Hossein Rasouli

Personal information
- Born: December 22, 1999 (age 26) Komijan, Iran

Sport
- Country: Iran
- Sport: Athletics
- Event: Discus

Achievements and titles
- Personal best: 62.62

Medal record
Representing Iran
Men's athletics
Asian Games
| Gold medal – first place | 2022 Hangzhou | Discus throw |

= Hossein Rasouli =

Iranian discus thrower (born 1999)

Hossein Rasouli (حسین رسولی, born December 22, 1999) is an Iranian discus thrower. He became the champion of Asian Junior Athletics Championships in 2018. Rasouli became Iran 2022 Athletic Championships's runner-up after Ehsan Haddadi in 2022.

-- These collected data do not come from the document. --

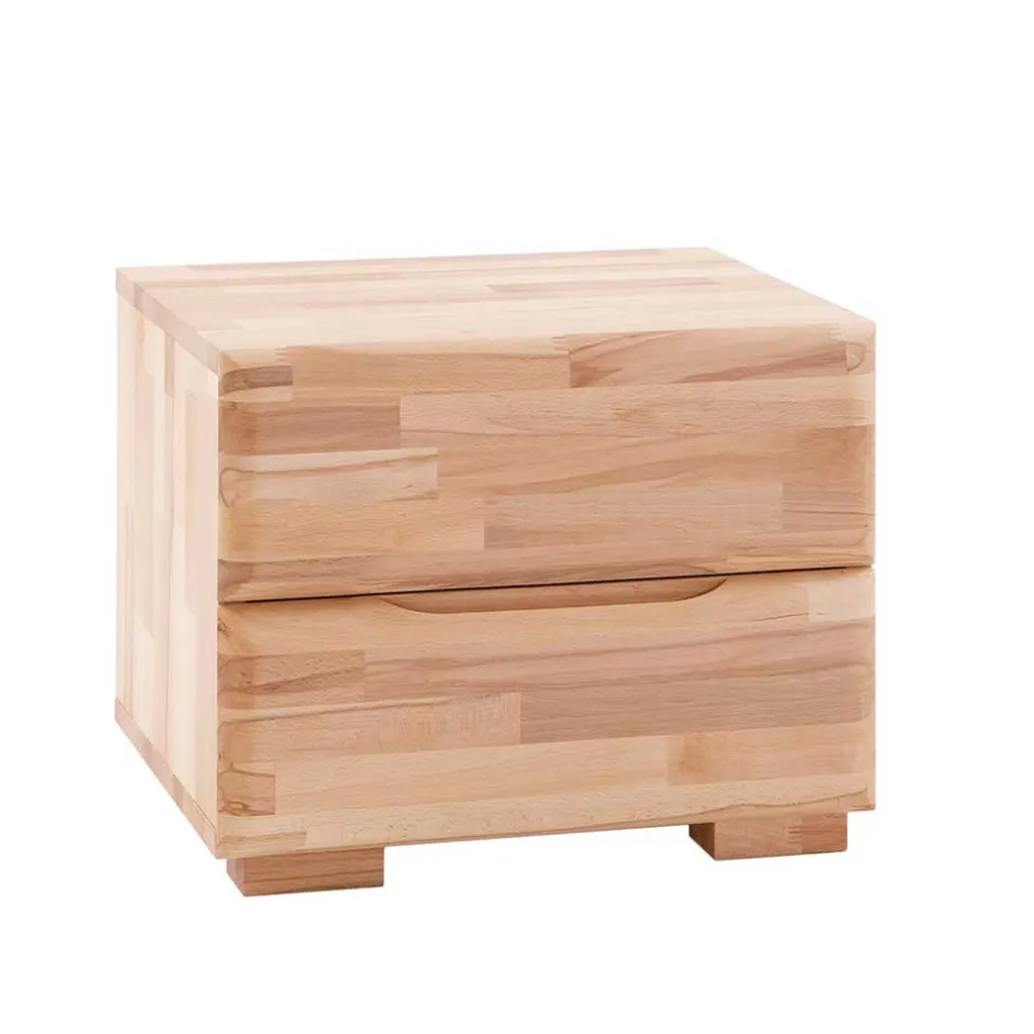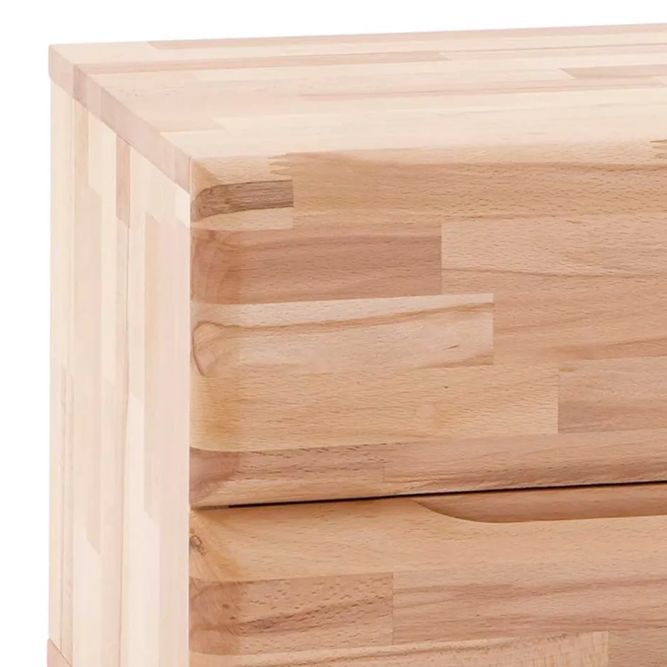 Das Herzstück dieser Konsole ist das massiv verarbeitete Kernbucheholz. Dieses Holz ist für seine ausdrucksstarke Maserung und warmen Farbnuancen bekannt, die Ihrem Schlafraum eine gemütliche und heimelige Atmosphäre verleihen. Darüber hinaus besticht die Kernbuche durch eine hohe Festigkeit und Langlebigkeit.
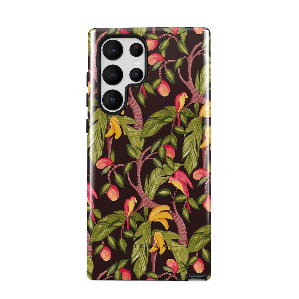 此設計特色: 芒果、深綠色葉片、叢林風格圖案
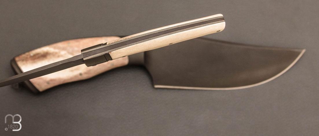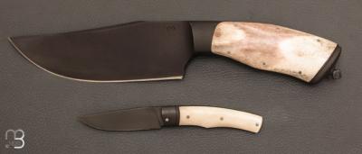 Couteau  "  2 en 1 " fait main de Mickael Moing -  Bois de renne et 100Cr6
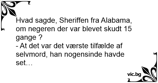 In anul 1854 este gasit un negru mort cu 18 glonte in spate. Seriful face constatarea si zice : - MMAAAAMAAAA ,asa sinucidere n-am mai intalnit.
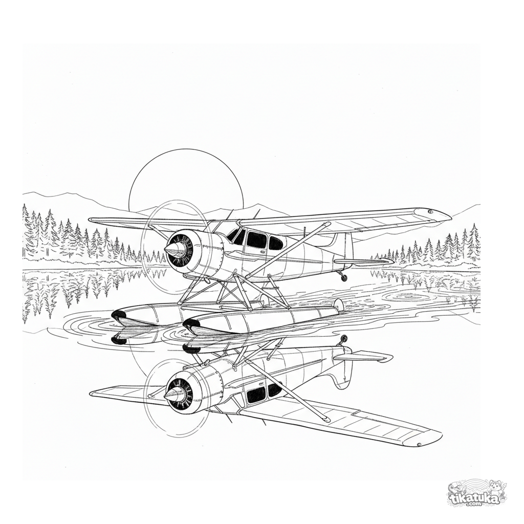 Página para colorir de um hidroavião taxiando na superfície calma de um lago de montanha ao pôr do sol. Cena detalhada com reflexos e pinheiros. Para 10-12 anos.
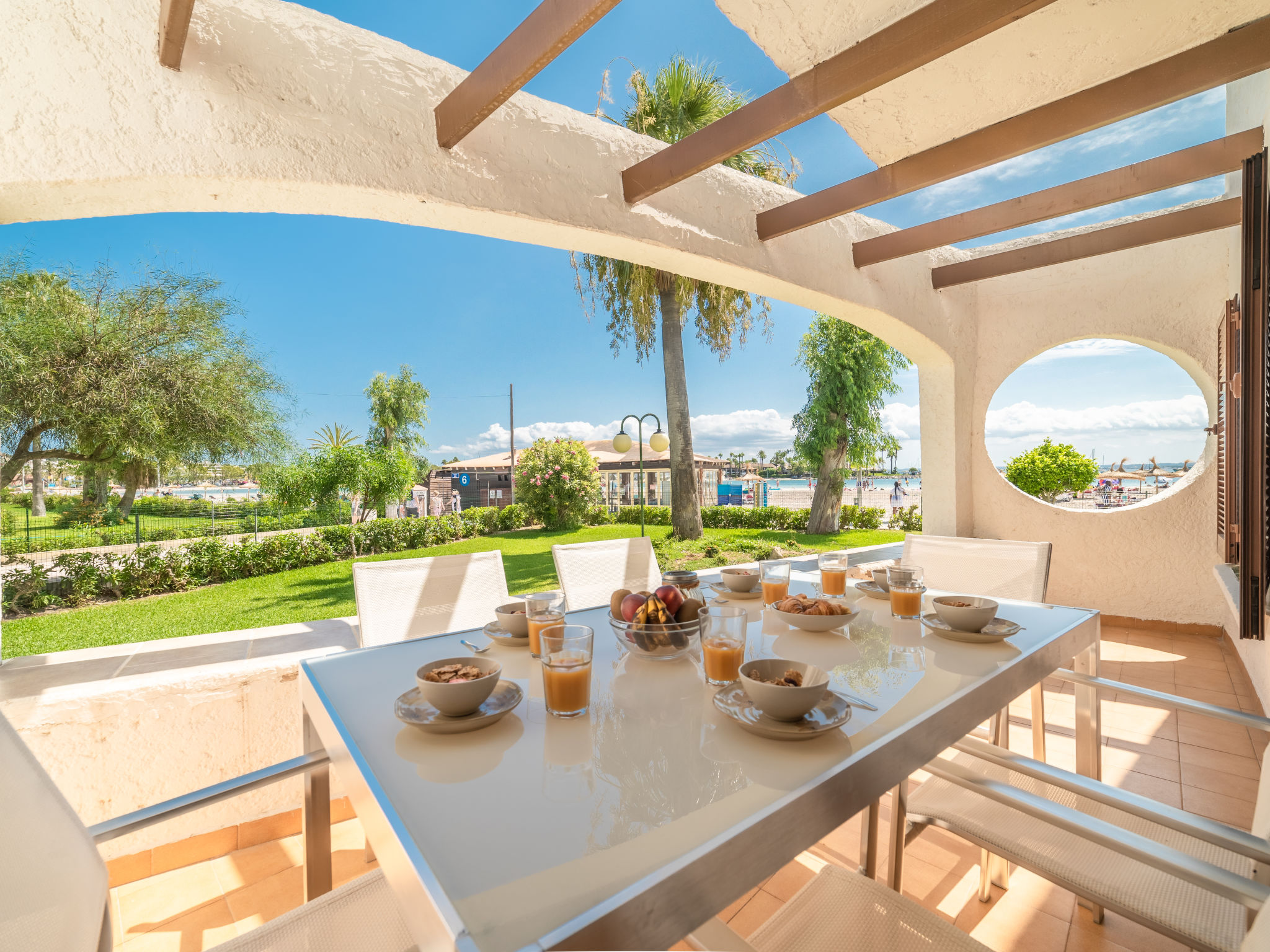 Gemütliches, komfortables Appartementhaus "Carabela Beach". Im Ortszentrum von Port d'Alcúdia, ruhige, sonnige Lage, 2 km vom Waldrand, 10 m vom Strand, direkter Zugang zum Strand. Zur Mitbenutzung: grosser Garten mit Rasen, Schwimmbad nierenförmig (20 x 10 m, 100 - 180 cm tief, saisonale Verfügbarkeit: 31.Dez.-01.Jan.). Aussendusche. Zur Alleinbenutzung: Laube, Pergola, Terrasse (9 m2). Im Hause: Internetzugang, Wireless LAN, Klimaanlage, Waschmaschine. Parkplatz beim Haus auf dem Grundstück. Einkaufsgeschäft 15 m, Lebensmittelgeschäft 50 m, Supermarkt 80 m, Einkaufszentrum 25 km, Restaurant 5 m, Bar 50 m, Bäckerei 500 m, Fahrradverleih, Biergarten 50 m, Zentrum zu Fuss in 5 Minuten erreichbar, Bushaltestelle 60 m, Sandstrand "Playa de Port Alcúdia" 15 m, Felsstrand "Alcanada" 3.5 km. Sporthafen, Jacht-Hafen 200 m, Golfplatz (18 Loch) 4.5 km, Tennis 1 km, Minigolf 600 m, Wanderwege ab Haus 1.8 km, Radweg 1.5 km, Kinderspielplatz 150 m. Nahe gelegene Sehenswürdigkeiten: Ciudad Romana de Pollentia, Ermita de la Victoria, Alcúdia (Old Town). Hidropark Aquatic Park. Bekannte Seen in der Umgebung sind gut erreichbar: S'Albufera d'Alcudia. Wandergebiete: Sa Talaia d'Alcúdia. Puig de Sant Martí. Bitte beachten: geeignet für Familien, geeignet für Senioren. Objekt geeignet für 4 Erwachsene. Der Besitzer akzeptiert keine Jugendgruppen. Flugplatz 50 km vom Haus.
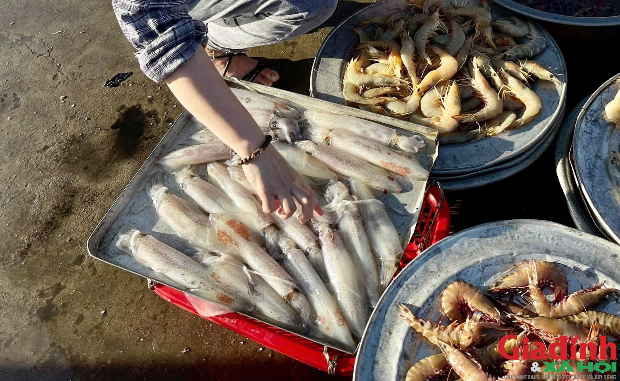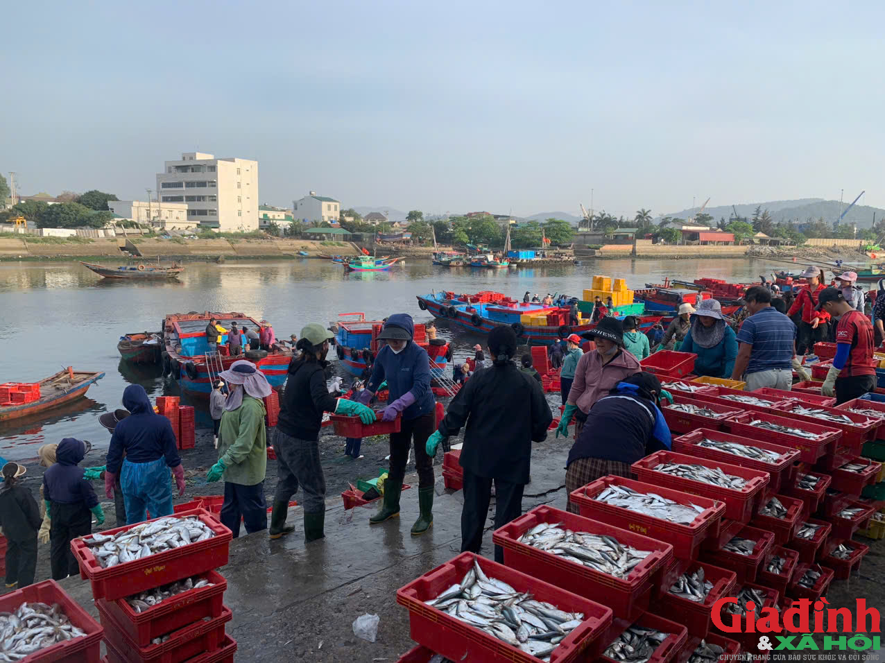Có mặt tại chợ bến cá Nghi Thuỷ từ tờ mờ sáng, khung cảnh mua bán tấp nập với những chuyến cá mới cập bờ. Bên cạnh những mẻ cá thu nổi tiếng, còn có cá trích, cá mai tươi roi rói sáng loáng dưới nắng.
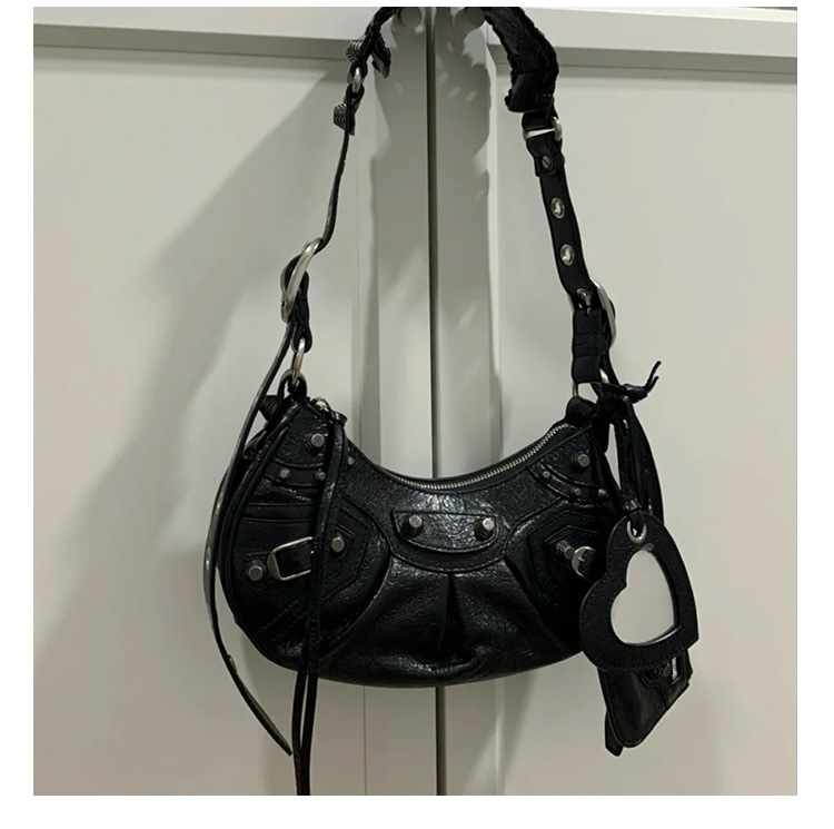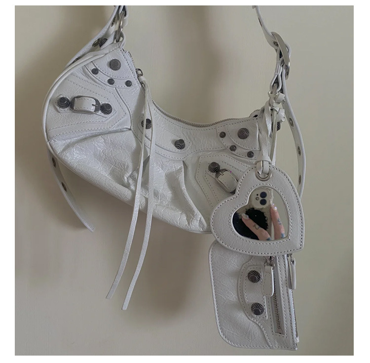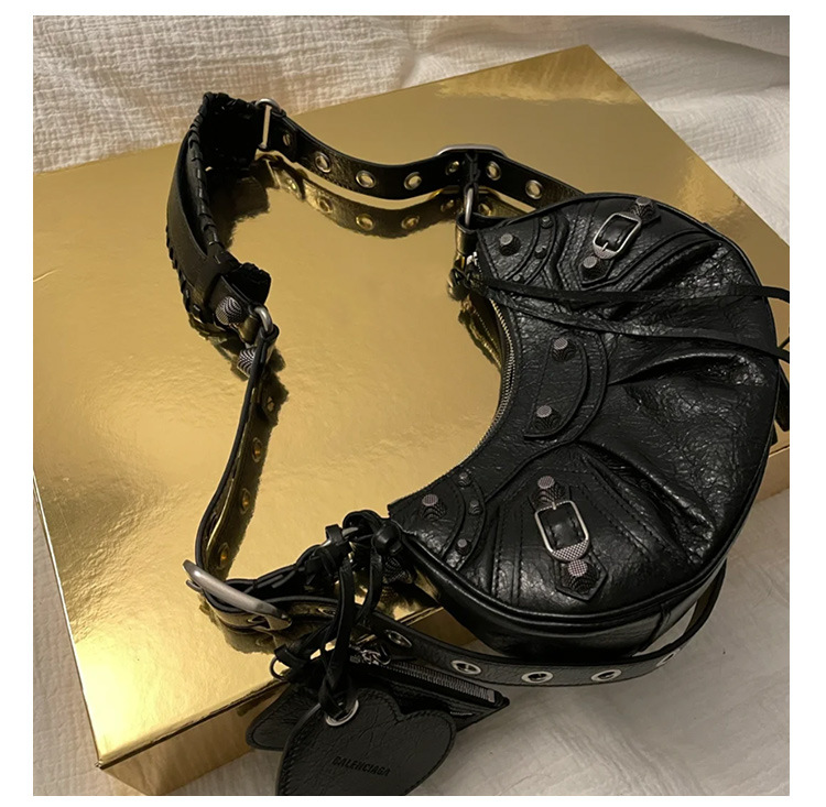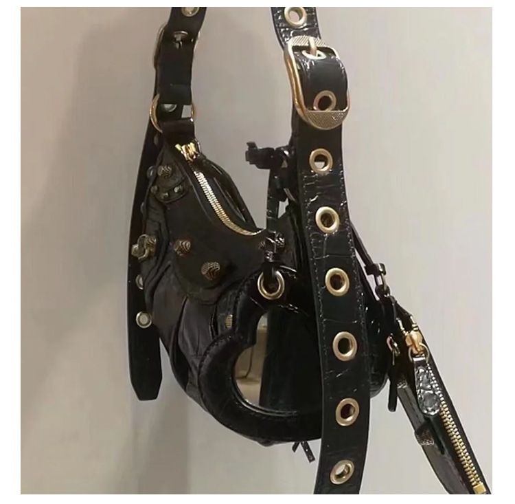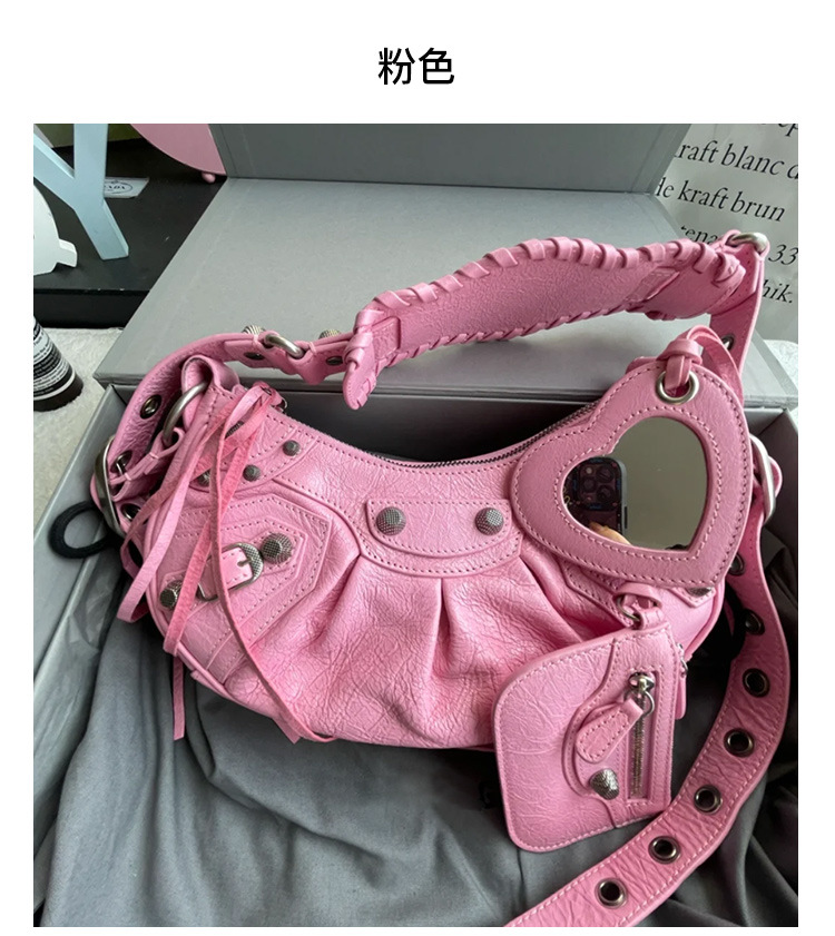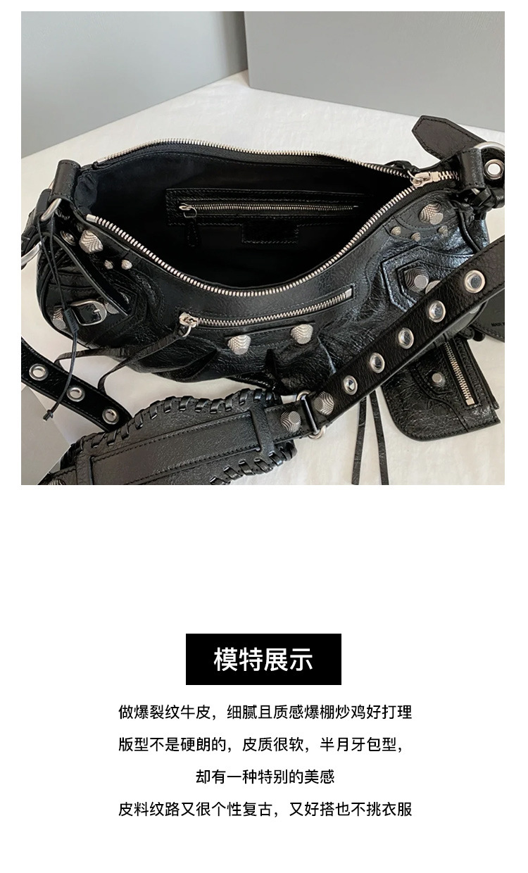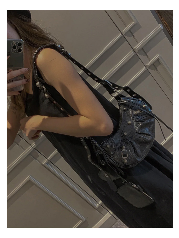 25 Новая женская сумка мотоциклетная, сумка подмышка, заклепки, кисточки, три в одном, полукруглая, складная, из коровьей кожи, через плечо
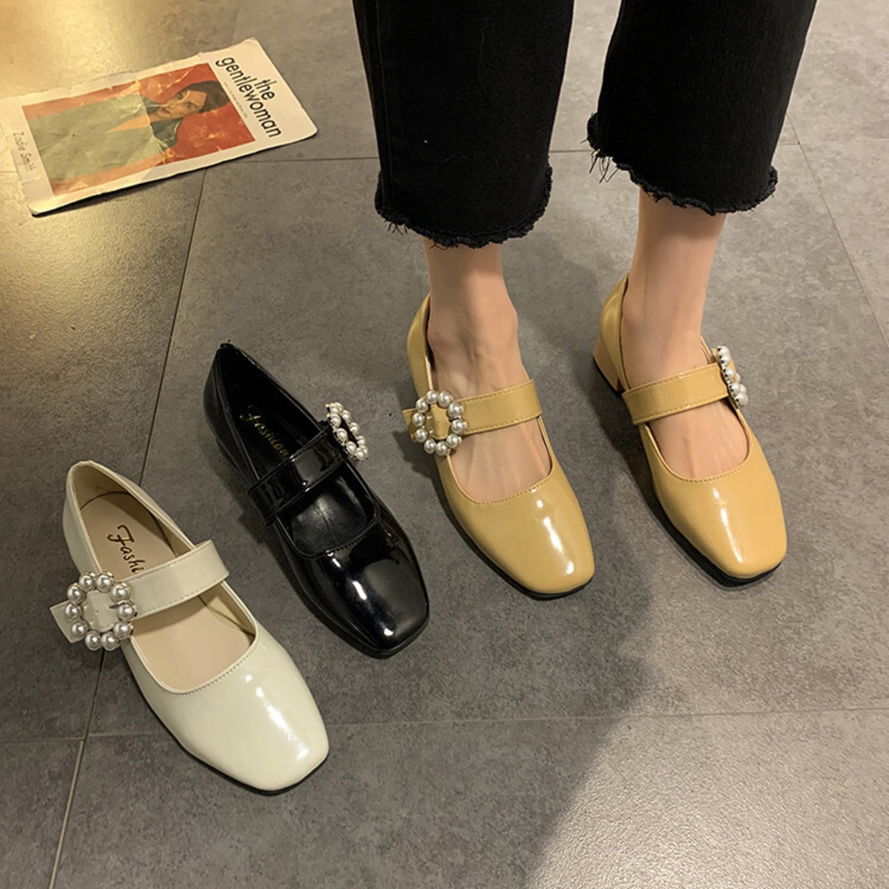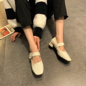 小さな革の靴ファッション百掛け シングルシューズ 減齢 太いヒール レディースシューズ

== Allegations of sexual assault ==

In June 2025, Hossein Rasouli and Amir Moradi, the coach of the Iranian national athletics team, along with a national athlete named Masoud Kamran, were arrested during the Asian Athletics Championships in Gumi, South Korea, on charges of sexually assaulting a 20-year-old Korean woman. According to reports, the three men met the woman at a bar, took her to a hotel near the athletes' village, and allegedly assaulted her. South Korean police arrested them at the scene following the complaint. The investigation is ongoing.